I would pass on that information, but the fact that Deirdre was still in this area three days after she had been last seen, made me think she was closer to home. ‘I’ll make enquiries,’ I said lamely, ‘but I wonder if she is somewhere nearby, with some friend in Kirkstall she hasn’t mentioned, or an old school friend or a former workmate, someone who would keep her confidence.’

‘If she was on the Bank people would know. You can’t keep secrets there.’ He suddenly became animated. ‘You’ve hit it. She must go to Cotton Street tonight.’

‘Why tonight?’

‘It’s her mother’s wake. Deirdre can’t not be there. My brother-in-law made the funeral arrangements. Her mother has been brought home, and later she’ll be taken into church. The Requiem Mass will be tomorrow.’

‘Then we should go. You’re right.’

His animation fled as quickly as it had come. ‘Her people don’t like me. They won’t want me there.’

‘But you’re the son-in-law. You were getting on famously with Deirdre. You went with her to the nursing home.’

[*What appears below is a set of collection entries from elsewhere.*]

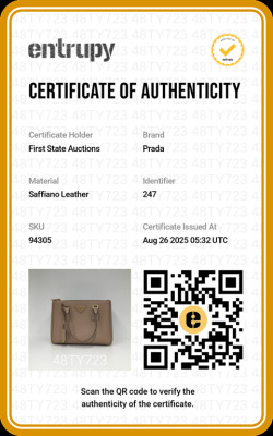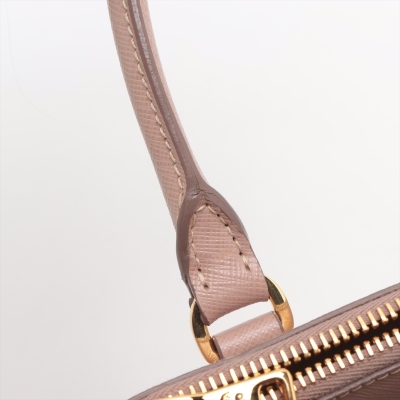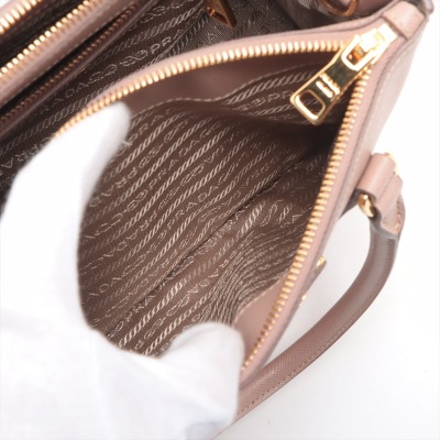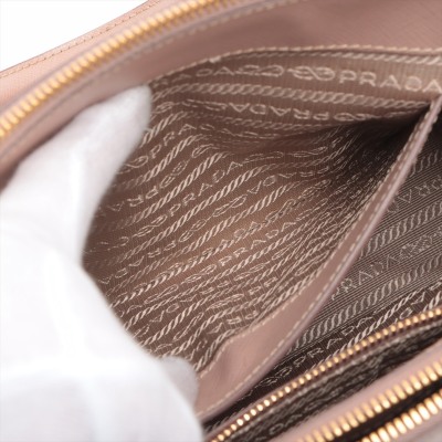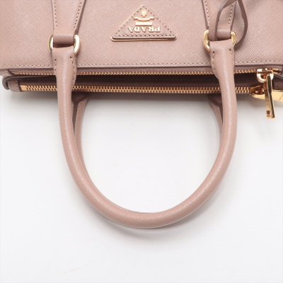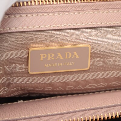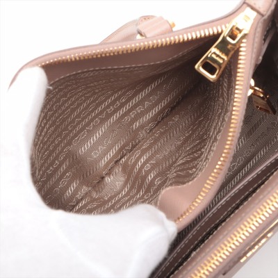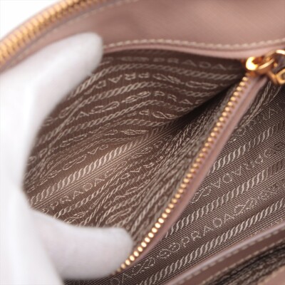 Prada small Galleria bag in beige Saffiano leather. Featuring gold-toned hardware, dual leather rolled handles, two external zip pockets, and snap closures at sides. The top opens to a beige nylon logo-lined interior with patch and zip pockets. Approximate dimensions: 25cm(Base-L) x 17cm(H) x 12cm(D), handle drop 11cm, adjustable and detachable shoulder strap drop 60cm. With Entrupy Certificate of Authenticity. (Pre-owned)
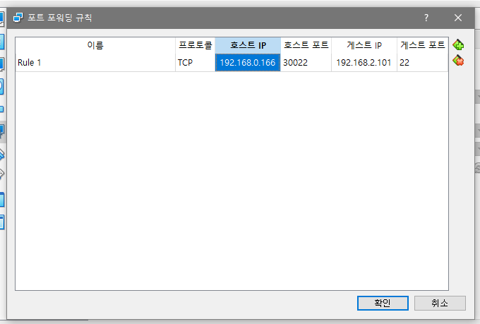 | 호스트(192.168.0.* 같은 네트워크 대역) -> 가상 |
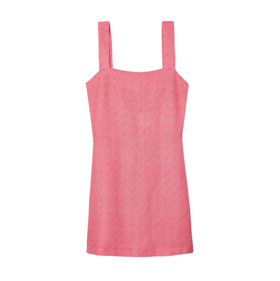 Made from lightweight, textured fabric in Clam Bake. Square neckline with wide shoulder straps. Fitted bodice with flared mini skirt for a flattering silhouette.
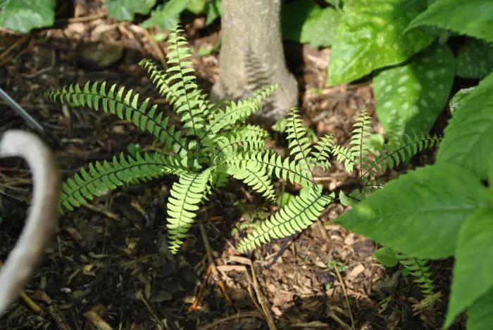 Adiantum aleuticum 'Imbricatum' is een dwergvaren met zwart gesteelde, waaiervormige, bleek blauwgroene blaadjes.
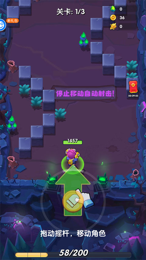 1、移动摇杆可以控制人物的前进方向。
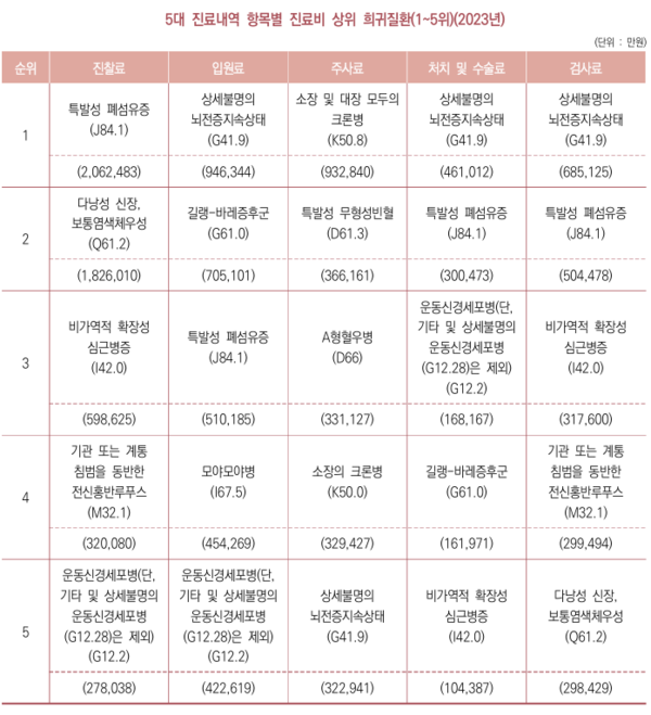 입원료의 경우 △상세 불명의 뇌전증지속상태(94억6344만원) △갈랭-바레증후군(70억5101만원) △특발성 폐섬유증(51억185만원) △모야모야병(45억4269만원) △운동신경세포병(42억2619만원)이었으며, 주사료는 △소장 및 대장 모두의 크론병(93억2840만원) △특발성 무형성빈혈(36억6161만원) △A형혈우병(33억1127만원) △소장의 크론병(32억9427만원) △상세불명의 뇌전증지속상태(32억2941만원)이었다.
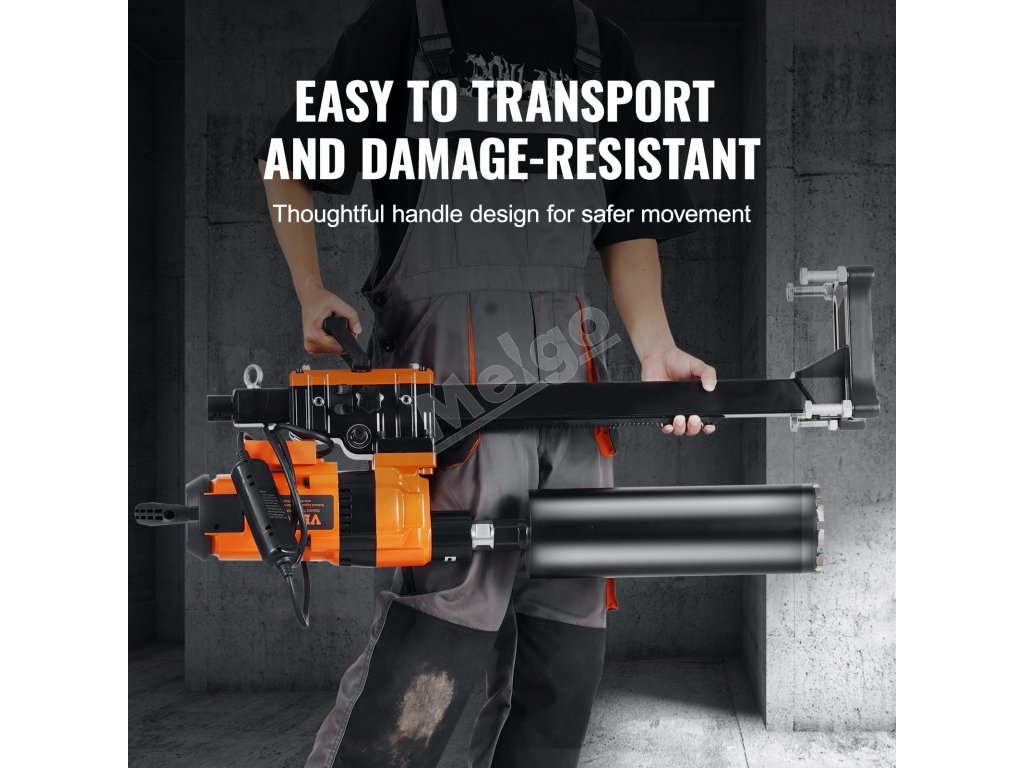 Ergonomická konštrukcia rukoväte uľahčuje používanie na staveniskách a zároveň zabezpečuje bezpečnosť a stabilitu jadrovej vŕtačky počas prepravy a skladovania. Účinne zabraňuje poškodeniu v dôsledku nárazov počas prepravy.
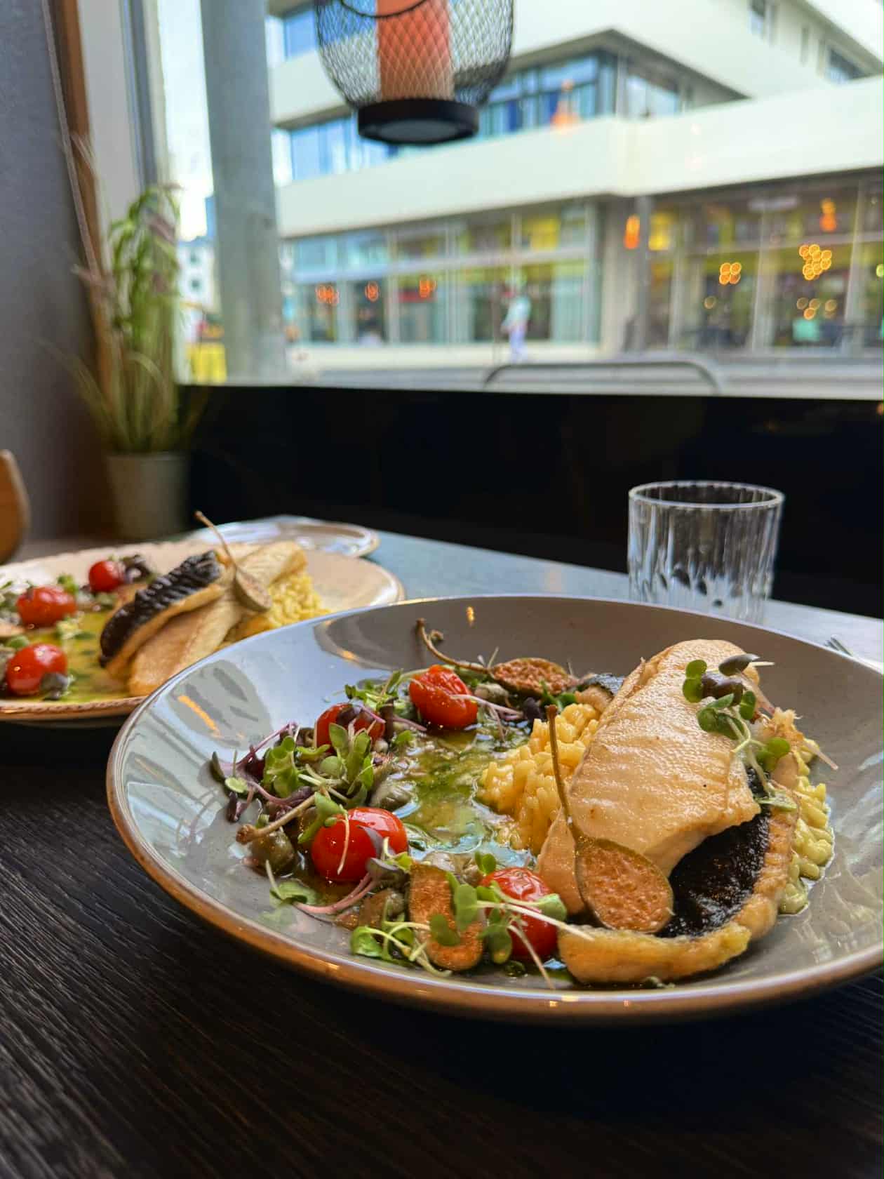 Pan-seared plaice – With creamy lemon risotto, warm olive emulsion with capers served with confit cherry tomatoes and fresh coriander.

‘How can I get there, like this?’

‘Get your coat, Mr Fitzpatrick. We’re going to the wake.’

He looked at me in alarm, as though I had made a lewd suggestion. ‘How will I explain you? My wife gone, and me turning up with a strange woman?’

‘Tell the truth. Introduce me. Say I am helping you to look for Deirdre.’

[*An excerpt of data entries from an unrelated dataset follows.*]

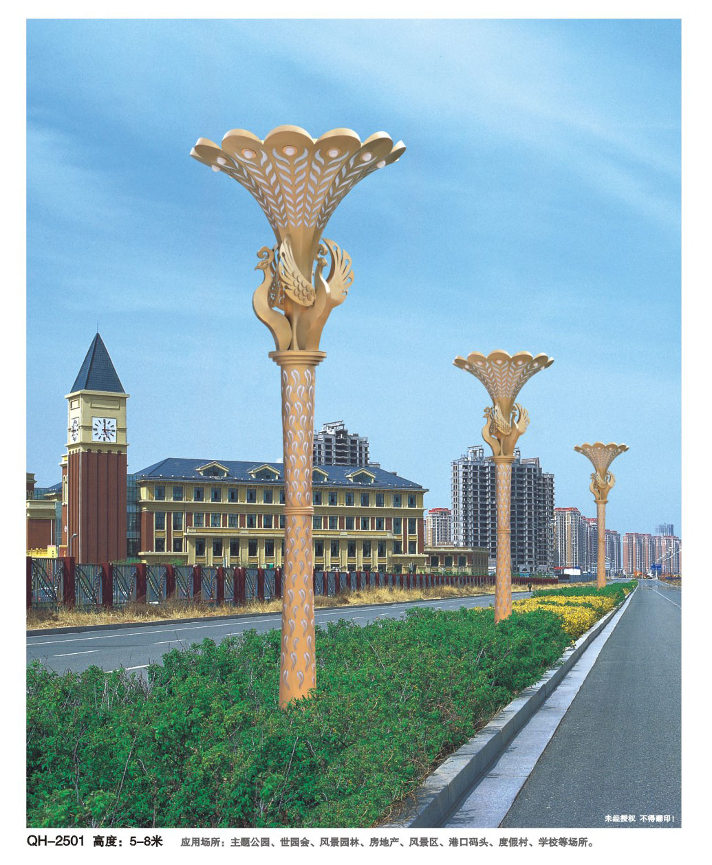 用途:景觀燈適用市政工程、園林亮化工程和公園、開(kāi)發(fā)區(qū)、別墅區(qū)、廣場(chǎng)等戶外路燈照明工程
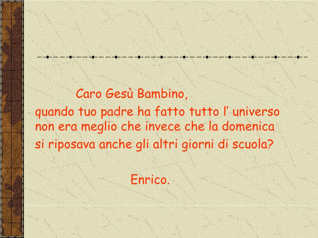Caro Gesù Bambino, quando tuo padre ha fatto tutto l’ universo non era meglio che invece che la domenica si riposava anche gli altri giorni di scuola? Enrico.
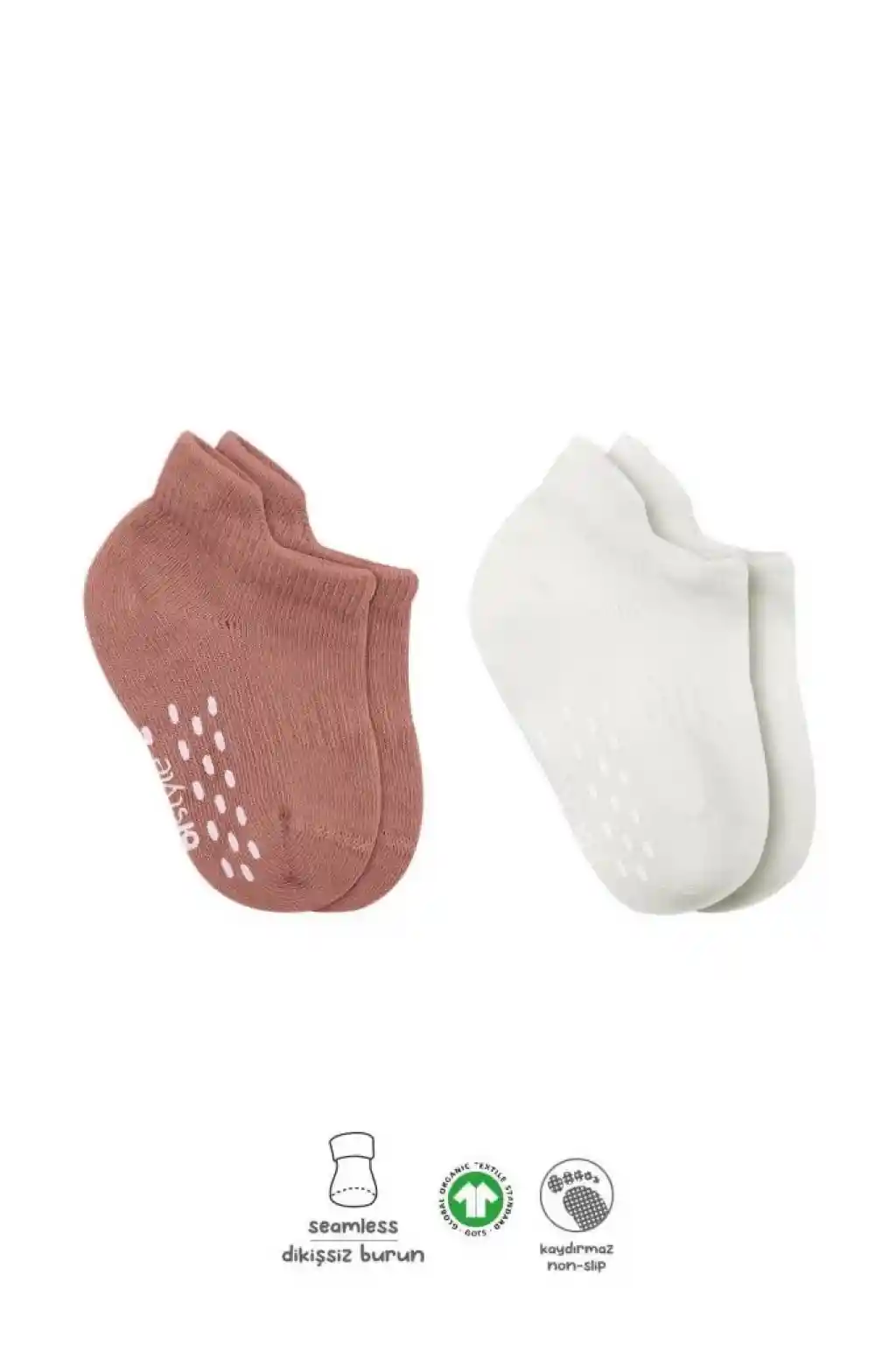 2'Li Sneakers Kaymaz Colours Penye Çorap 20104 Ekru Pudra
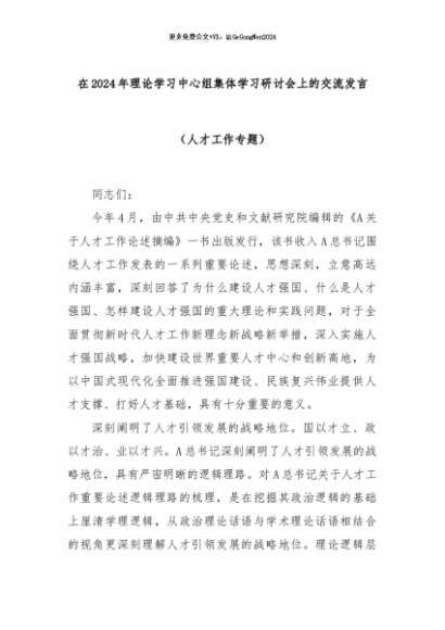【七哥公文】2024年:在2024年理论学习中心组集体学习研讨会上的交流发言(人才工作专题)+更多免费公文+VX:QiGeGongWen2024

‘You’re right. I want her to know … if she is there … or even if she isn’t and somebody knows where she is, they can tittle-tattle back to her that I came.’ Fitzpatrick struggled to his feet. He nodded at the jacket on the hook behind the door. ‘Do you mind?’

I helped him on with his jacket.

He balanced on one crutch, switching it from left to right. ‘You’re right. What do appearances matter where Deirdre is concerned? I can’t miss the wake. And I mustn’t go empty-handed, being the son-in-law.’

‘I have never been to a wake, Mr Fitzpatrick. You must tell me what to expect.’

‘I must buy a bottle of whisky. You’ll stop at the outsales?’

‘Yes of course.’

‘Pass me that tin will you?’ He nodded at a toffee tin on the mantelpiece.

When I placed it on the table, he took off the lid and tipped out coins, including a guinea. He began to shake. His grey face crumpled.

‘She hasn’t taken a penny. She’s been back but she’s left pay for the milk, coal, insurance, housekeeping. How will she manage?’

‘Never mind that now. Is there enough for what you need?’

Given I was the one with two good feet who must buy the whisky, I stopped at the Lloyds Arms where I am known, and would not be stared at.

I gave Fitzpatrick the bottle to nurse.

As we came closer to the Bank, he veered between optimism, convincing himself that Deirdre would be at her mother’s to receive condolences, and pessimism, that she wandered lost on some moor or in a wood, with only a rosary and a lucky pixie in her pocket.

As I drove, I asked Fitzpatrick, ‘Tell me a little more about who shares the house and who might be able to help us.’

‘The two spinster aunts, Mary and Brenda, as I mentioned, and there’s the old uncle, Jimmy, who chooses to confine himself to the cellar when he’s not out and about on his rounds or attending funerals. You’ll recognise him from his similarity to a picture-book gnome.’

‘Who is most likely to have useful information?’

‘They are. The aunts. And Deirdre has a friend she was at school with, and worked with at the shoe factory on East Street.’

‘What’s her name?’

‘Rita O’Neil. She was our bridesmaid, married to one of the fellows from the factory. You won’t miss her if she’s there. She’s takes over any room she enters. You’ll know her by her waving ginger hair.’

On Marsh Lane, a train rattled overhead, belching steam and smoke. Everything about these streets looked dull, grey and black.

As the motor bumped across the cobbles, half a dozen thin, dirty children looked up from their listless games of dipping fingers into summer-warmed gas tar and chalking on the pavement with a stone. Two of them were barefoot, all of them poorly dressed. As one, they jumped to their feet and ran after the motor.